Back
Legal

Landmark ground (f) case heading to Supreme Court

One of the most discussed cases of 2017 is heading to the Supreme Court, raising the question of what intention a landlord is required to show in order to refuse a new lease on grounds of redevelopment plans.

The court has granted permission to appeal in S Franses v Cavendish Hotel (London) Ltd [2017] EWHC 1670 (QB); [2017] PLSCS 145, a case that raises profound issues in relation to the proper operation of ground (f) of section 30(1) of the Landlord and Tenant Act 1954.
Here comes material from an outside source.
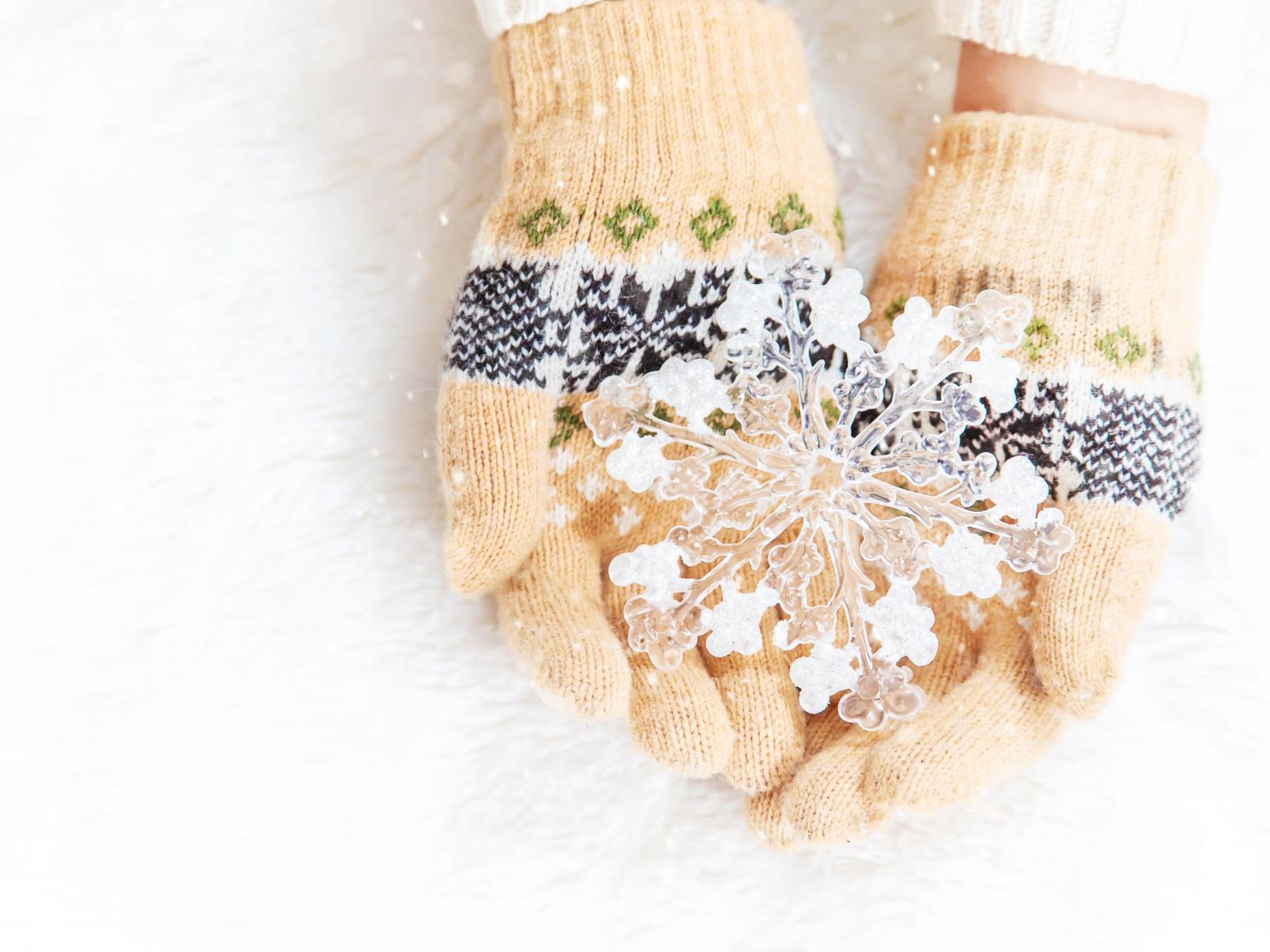 Wallpaper Ice snowflake on the palms

A landlord is entitled to refuse a new lease under ground (f) if it “intends to demolish or reconstruct the premises comprised in the holding or a substantial part of those premises or to carry out substantial work or construction on the holding or part thereof and that he could not reasonably do so without obtaining possession of the holding”.
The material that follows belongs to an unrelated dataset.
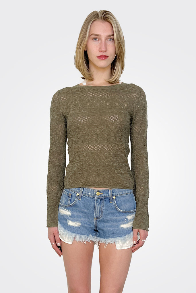 Pointelle Long Sleeve Top - Pesto

The case involves a dispute between landlord the Cavendish Hotel at Jermyn Street, London W1, and its tenant of premises at 80 Jermyn Street, which carries on business as a textile dealership and consultancy, specialising in antique tapestries and textile art.

The tenant applied under the 1954 Act for a new tenancy, but this was dismissed on the basis that the landlord had made out its ground of opposition under section 30(1)(f).
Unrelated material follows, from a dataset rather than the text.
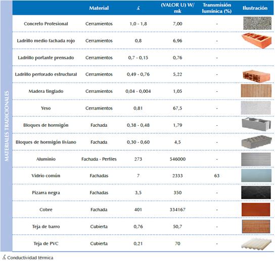 La construcción de dichas matrices permitió profundizar en algunos conceptos de termodiná mica, comprender las condiciones físicas de los materiales e interpretar la información presenta da en las fichas técnicas. Por ejemplo, se anali zaron conceptos como: 1) el valor U, que es el coeficiente que establece el intercambio de ener gía en forma de calor entre distintos cuerpos, o entre diferentes partes de un mismo cuerpo que se encuentran a distinta temperatura. Teniendo en cuenta las formas de trasferencia de calor, ya sea mediante convección, radiación o conduc ción. 2) El coeficiente de conductividad térmica, el cual está ligado a la velocidad de calentamien to o enfriamiento. 3) La efusividad térmica, que es la capacidad para acumular energía térmica, una alta efusividad está ligada a una gran masa térmica tiene mayor facilidad para calentarse y acumular como la piedra, una baja efusividad está ligada a la poca capacidad de acumular, son mejores aislantes como el aire. 4) Coeficiente de transmisión luminosa y radiación solar dentro del espectro visible de 0 a 100% entre mayor el porcentaje mayor entrada de luz, mayor transpa rencia, relacionada con la unidad de medida de la iluminación (lux).

At the High Court, Jay J sided with the landlord, finding that the requisite intention under ground (f) was demonstrated, even though the evidence was that the landlord’s motive for redevelopment was to get rid of the tenant.

Following that decision, Benjamin Faulkner of Wilberforce Chambers, who acted as junior counsel for the tenant, said that “opinion is divided” on the significance of the case: “Some practitioners consider it entirely unremarkable; others view it as the end of the Landlord and Tenant Act 1954 as we know it.”

He added: “If this case stands, advice to landlords in ground (f) cases is likely to change dramatically. For the first time there is clear authority that the landlord’s underlying motive of wanting to be rid of its tenant is irrelevant. Confident in that knowledge, landlords will no longer feel that they ought to justify the works by reference to the benefits they will bring. Instead, they will frankly say that they just want rid of the tenant and have been advised that the scheme of works ought to do the trick.”

Now though, the decision will come under challenge at the Supreme Court.